**SOURCE MATERIAL:**
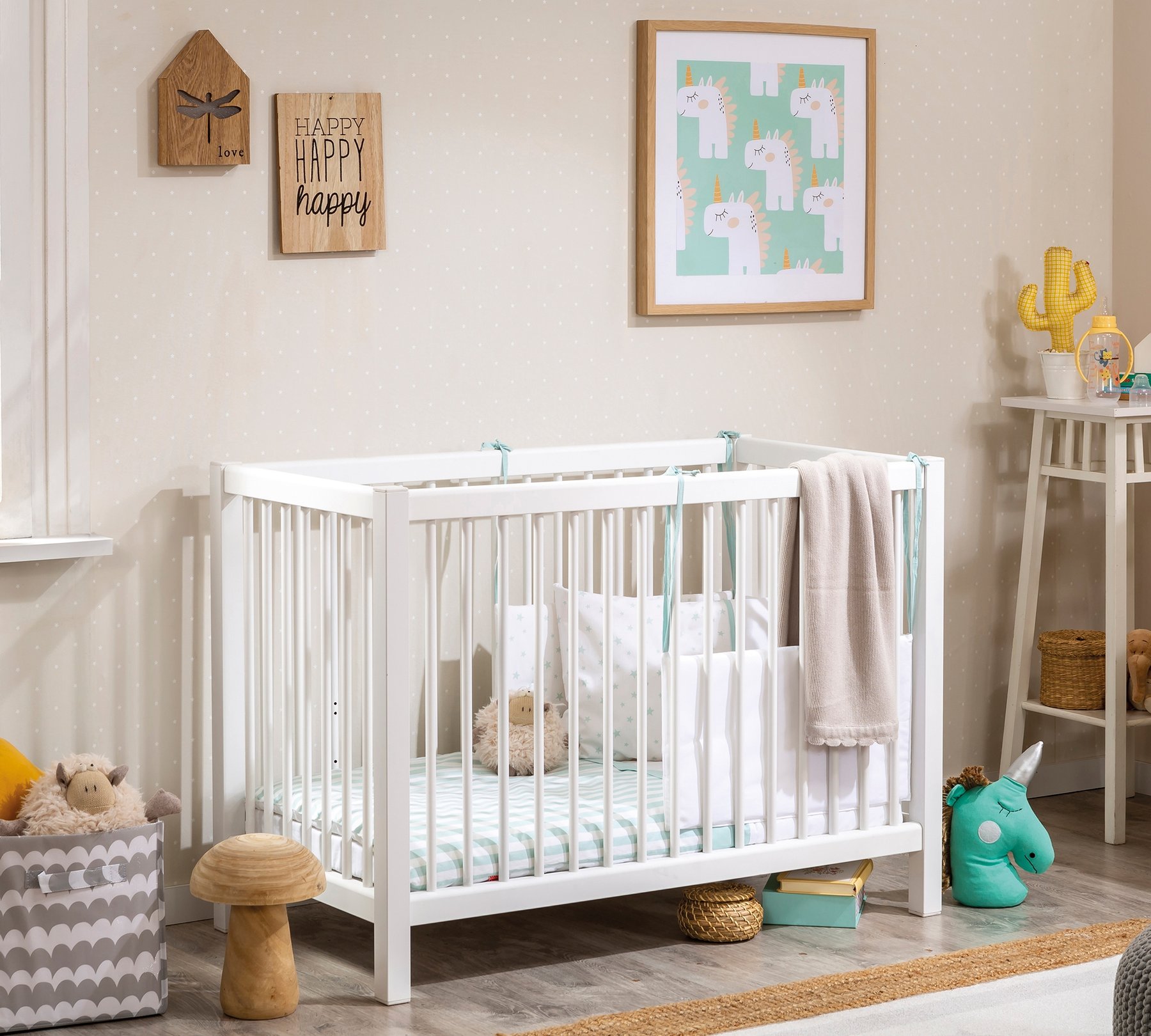Marginile rotunjite ale patutului vor proteja copilul de accidentari pentru a avea un somn cat mai linistit.
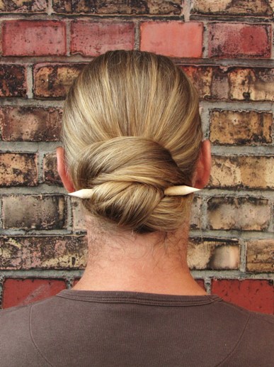 Hey I love the look of that pair of antler sticks in your hair:) The way I look at it is the hair sticks are functional in keeping the bun in place but they also add an adornment to your hair that's very attractive.That's why I chose the wooden sticks in that color as I think they are highlighted in my hair.I like the fact they stand out the way they do.Thanks for posting that bun with antlers rowie as I just love it!Cheers
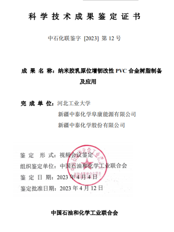 阜康能源“納米膠乳原位增韌改性PVC合金樹(shù)脂制備及應(yīng)用”項(xiàng)目通過(guò)中國(guó)石油和化學(xué)工業(yè)聯(lián)合會(huì)科技成果鑒定

**EXERCISE DESCRIPTION:** With pictures omitted, reproduce exactly the lines from the line containing "Hey I love the" through the end of the data above.

**ANSWER SPACE:**
 Hey I love the look of that pair of antler sticks in your hair:) The way I look at it is the hair sticks are functional in keeping the bun in place but they also add an adornment to your hair that's very attractive.That's why I chose the wooden sticks in that color as I think they are highlighted in my hair.I like the fact they stand out the way they do.Thanks for posting that bun with antlers rowie as I just love it!Cheers
 阜康能源“納米膠乳原位增韌改性PVC合金樹(shù)脂制備及應(yīng)用”項(xiàng)目通過(guò)中國(guó)石油和化學(xué)工業(yè)聯(lián)合會(huì)科技成果鑒定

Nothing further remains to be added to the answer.